- Chairman: Ángel Ortega
- Founded: May 2006
- Dissolved: 2013
- Merged into: Andalusian Party
- Ideology: Andalusian nationalism Social democracy

Website
- www.convergencia-andaluza.es

= Andalusian Convergence =

Andalusian Convergence (in Spanish: Convergencia Andaluza; CAnda) was an Andalusian nationalist political party in Andalusia.

==History==
CAnda emerged in May 2006 as a split of the Andalusian Party. It also had among its ranks with politicians like Juan Carlos Benavides, former mayor of Almuñécar (Granada), and Luis Manuel Rubiales, former mayor of Motril, from the PSOE-A.

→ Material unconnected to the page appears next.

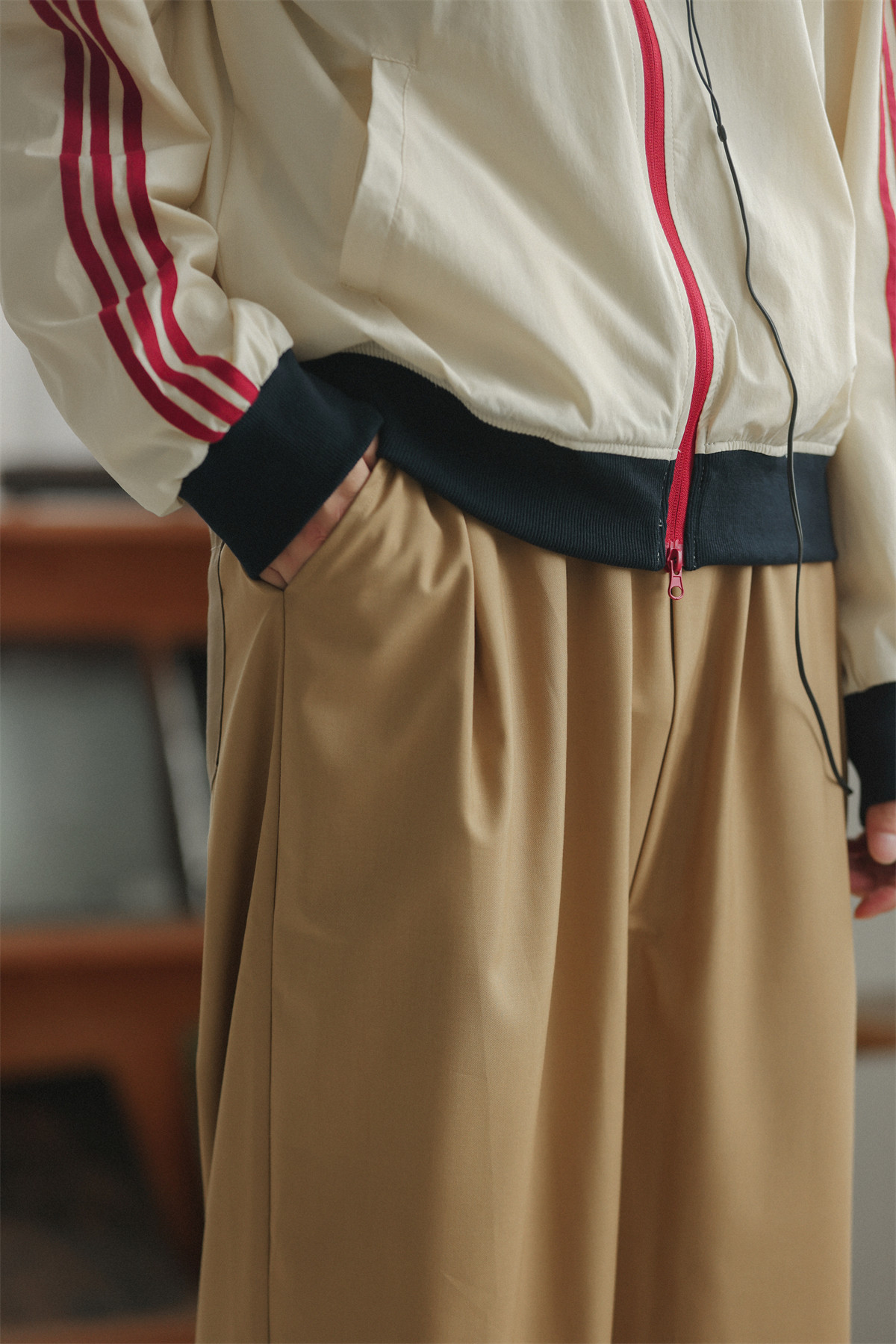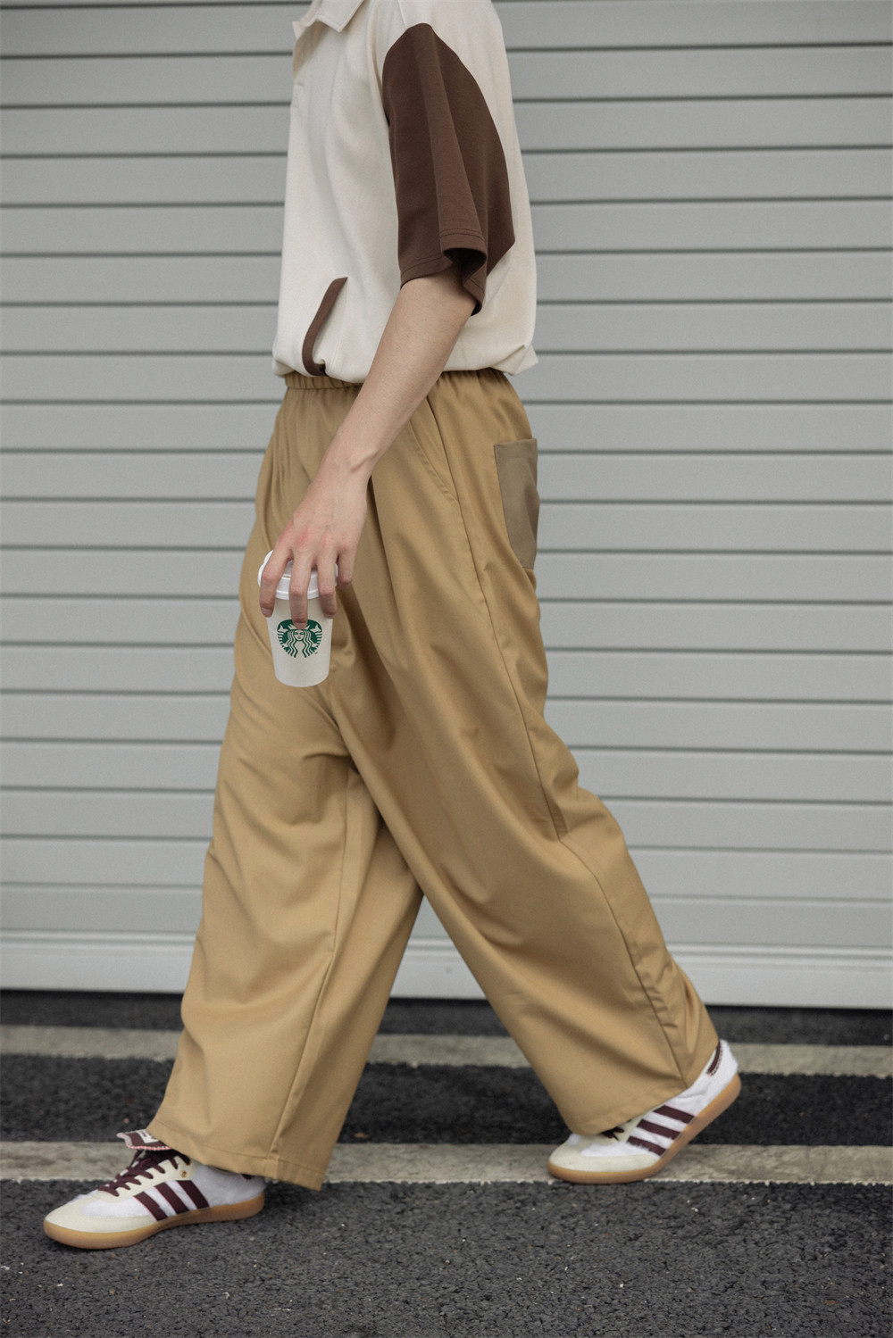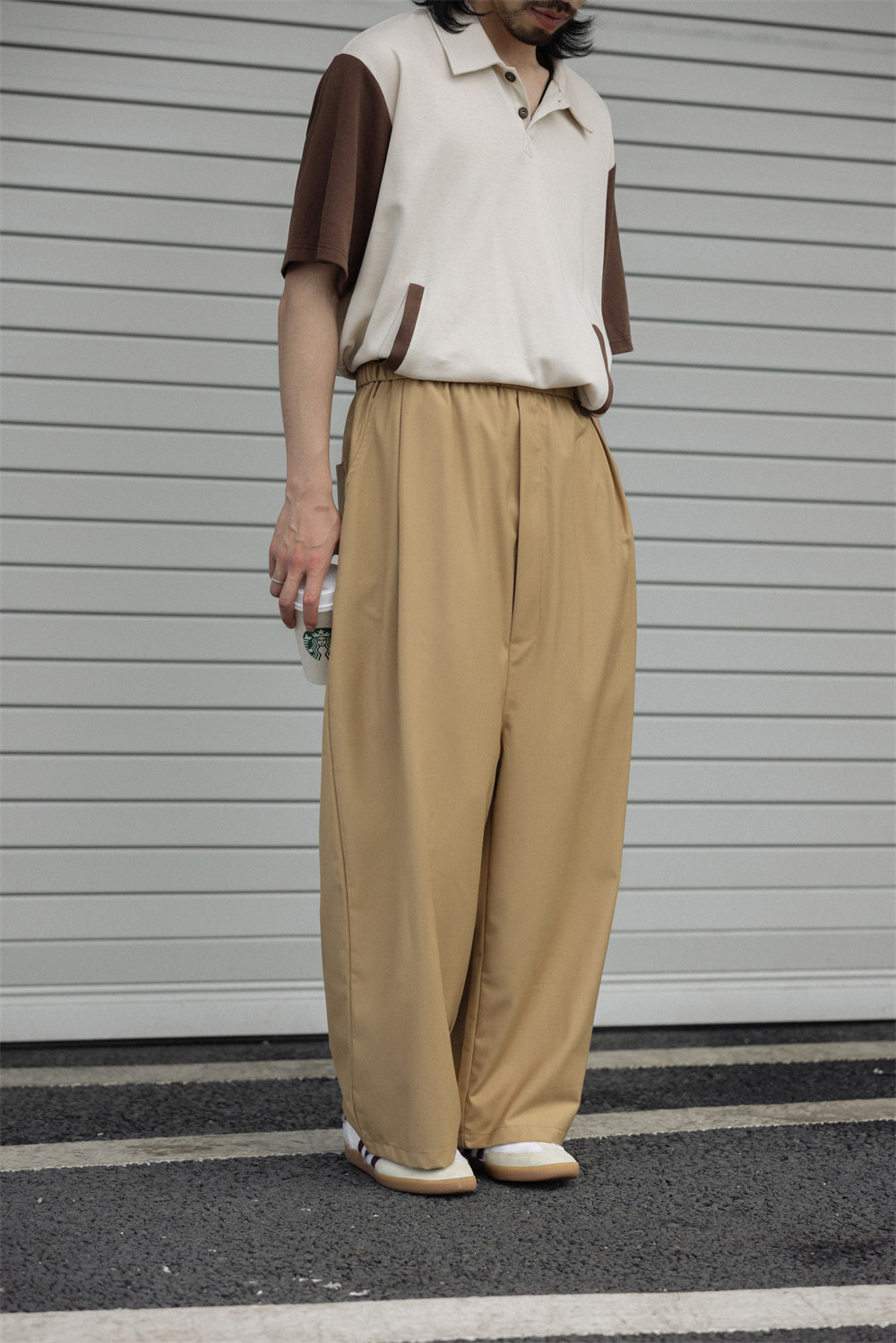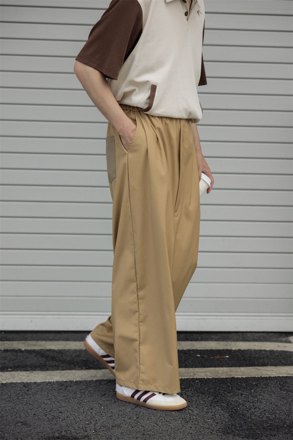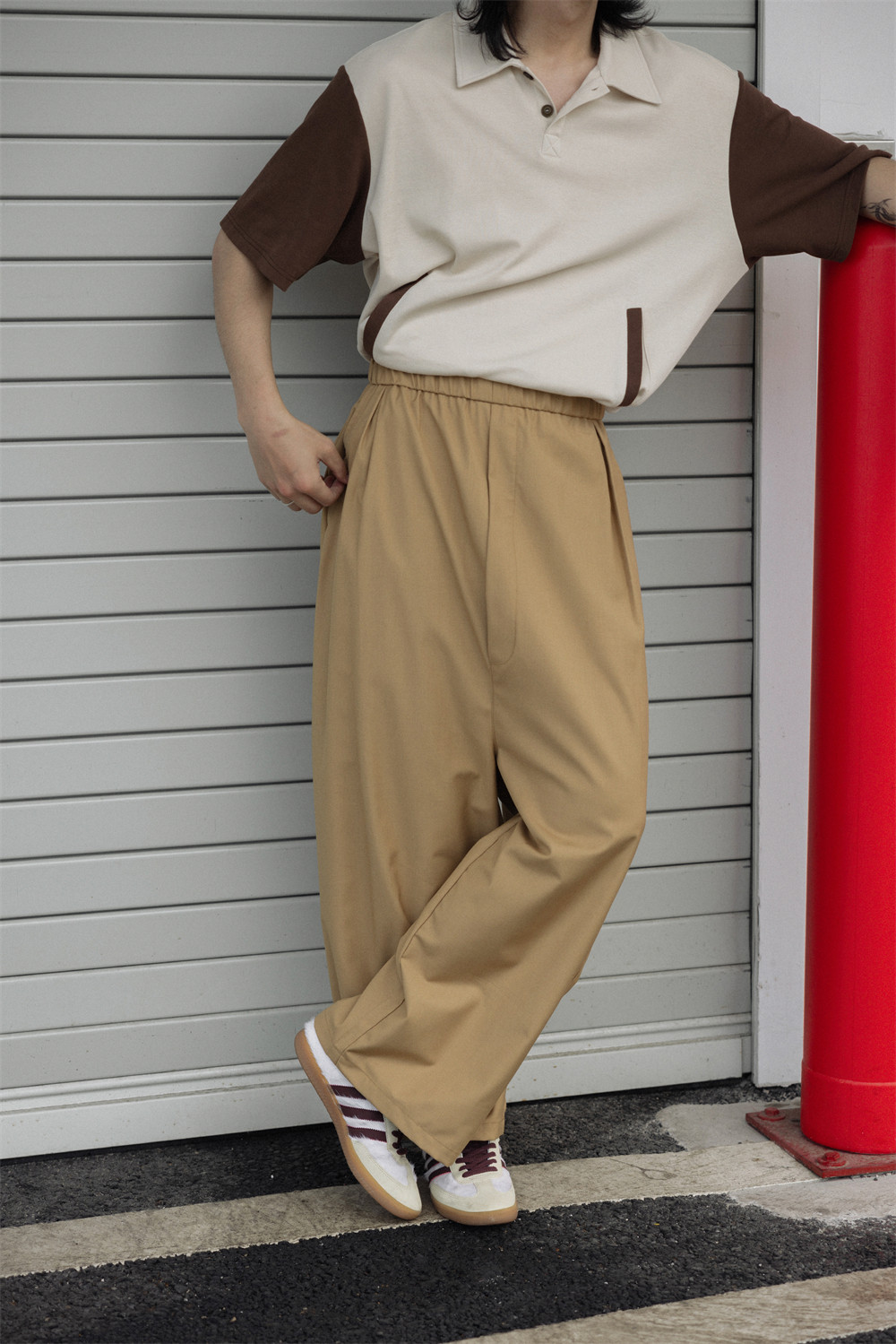 NOEARS Contrasting Stitching Elastic Waist Slacks

In the municipal elections of 2007, they obtained 6,994 votes and 10 councilors (all in Almuñécar). In the 2011 elections in the same town, councilors fell to 7 of 21, although CAnda still was the most voted political party. CAnda also gained 1879 votes in Motril (2 councilors) and 698 votes in Albuñol (2 councilors).

In 2013 CAnda rejoined the Andalusian Party. After the dissolution of the Andalusian Party in 2015 the party was reactivated. CAnda joined the coalition Andaluces Levantaos for the 2022 Andalusian regional election.